Background: Secondary Hyperparathyroidism (sHPT) is an important feature of chronic renal failure and contributes to the development of renal osteodystrophy. This study was carried out to assess 25(OH)D status and its effect on sHPT in patients on hemodialysis (HD).

Methods: A prospective experimental trial of 180 HD patients (F: 81, M: 99, age > 14year) participated in the study. At base line, levels of 25(OH)D, intact Parathyroid Hormone (iPTH), Calcium (Ca), Phosphorous (P), Alkaline phosphatase (Alk p), and albumin of serum were measured. Patients with 25(OH)D deficiency (< 30 ng/mL) were randomly divided to two groups: intervention (received 300,000 U/IM vitD3 at the beginning and after 2 months, if was necessary) and control (received placebo). After 2 and 4 months, the same biochemical markers were measured and efficacy of vitD3 on sHPT was assessed. Secondary Hyperthyroidism (sHPT) was defined as iPTH > 300 pg/mL.

Results: Serum 25(OH)D levels were deficient in 87.8% (n: 158) of subjects, and normal in 12.2% (n: 22). The prevalence of sHPT, according to 25(OH)D levels, was 71.5% (n: 113)(< 30 ng/mL) and 40.9% (n: 9)(≥ 30), respectively. There were 57 intervention and 56 control subjects. In the intervention group, 2 months after injections, 25(OH)D increased from 13.85 ± 6.5 to 48.5 ± 20.7 (P < 0.001), iPTH was reduced from 567.2 ± 276.7 to 282.7 ± 183.6 (P < 0.001), calcium from 9.10 ± 0.5 to 8.76 ± 0.7 (P = 0.021), Alk p from 553.37 ± 495.6 to 393.4 ± 419.5 (P < 0.001), albumin from 3.87 ± 0.5 to 4.00 ± 0.4 (P = 0.06), and phosphorus from 4.90 ± 1.2 to 5.21 ± 1.3 (P = 0.12). Since all cases were under appropriate treatment for sHPT, there was a significant reduction on the levels of iPTH (P = 0.005) and Alk p (P = 0.049), and slight increase in 25(OH)D level (P = 0.08 ) in the control group. However, the amount of these changes was less than the intervention group.

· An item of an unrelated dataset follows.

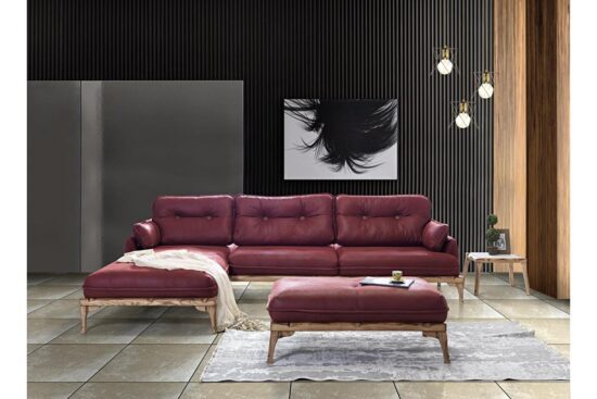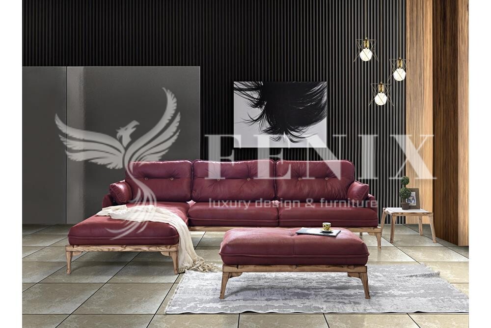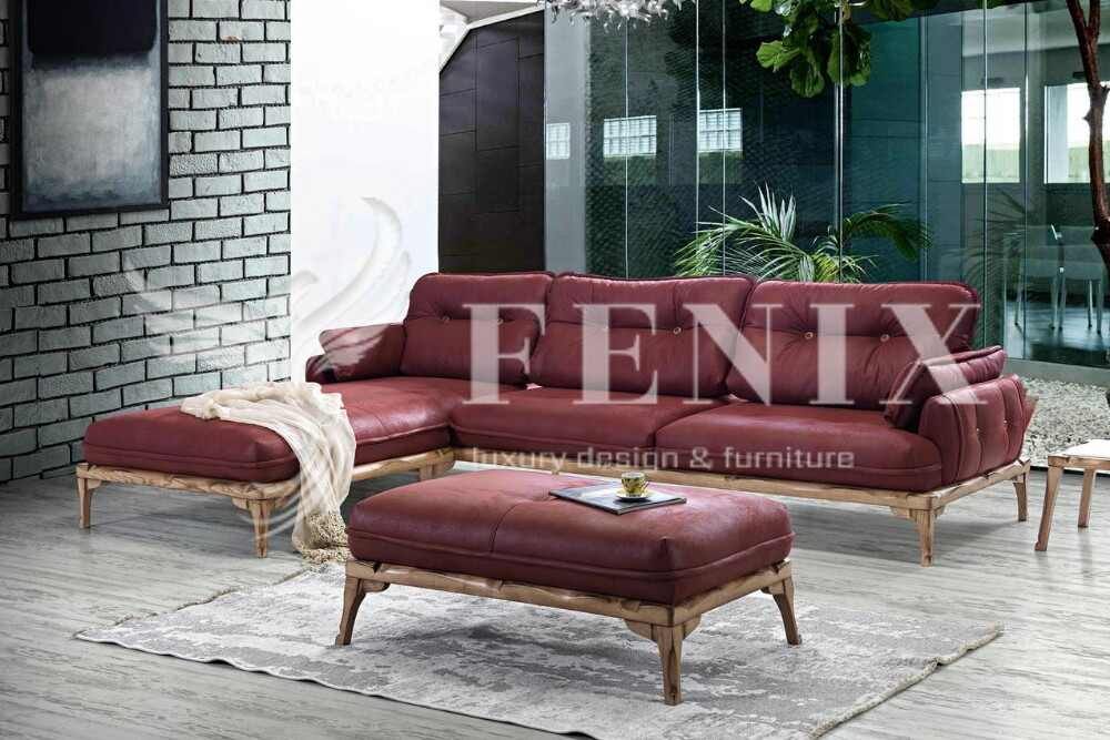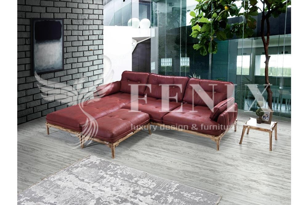 Мягкий раскладной диван с оттоманкой и пуфом Квадро. Диван выполнен из натуральной кожи и дерева. При желании клиента можно выполнить диван в ткани или эко-коже в любом цвете. Такой диван будет актуально смотреться в гостиной в стиле модерн.

Conclusions: These findings showed that 25(OH)D insufficiency was highly prevalent in HD cases and higher amount of 25(OH)D levels prevent sHPT.

Keywords

25-Hydroxy Vitamin D End Stage Renal Failure Secondary Hyperparathyroidism Hemodialysis

Copyright © 2017, Nephrology and Urology Research Center. This is an open-access article distributed under the terms of the Creative Commons Attribution-NonCommercial 4.0 International License (http://creativecommons.org/licenses/by-nc/4.0/) which permits copy and redistribute the material just in noncommercial usages, provided the original work is properly cited.

1. Introduction

The progression of kidney failure leads to loss of excretory activity and impairment of endocrine functions and mineral metabolism that affects many organ systems. Secondary secretion Parathyroid Hormone (sHPT) is a compensatory mechanism to restore normal levels of serum calcium and phosphorus concentrations, and is associated with high level of PTH (1). The sHPT and high calcium (Ca) × phosphorus (P) product have been associated with the risk of bone fractures, cardiovascular morbidity and mortality, and parathyroidectomy (2-4).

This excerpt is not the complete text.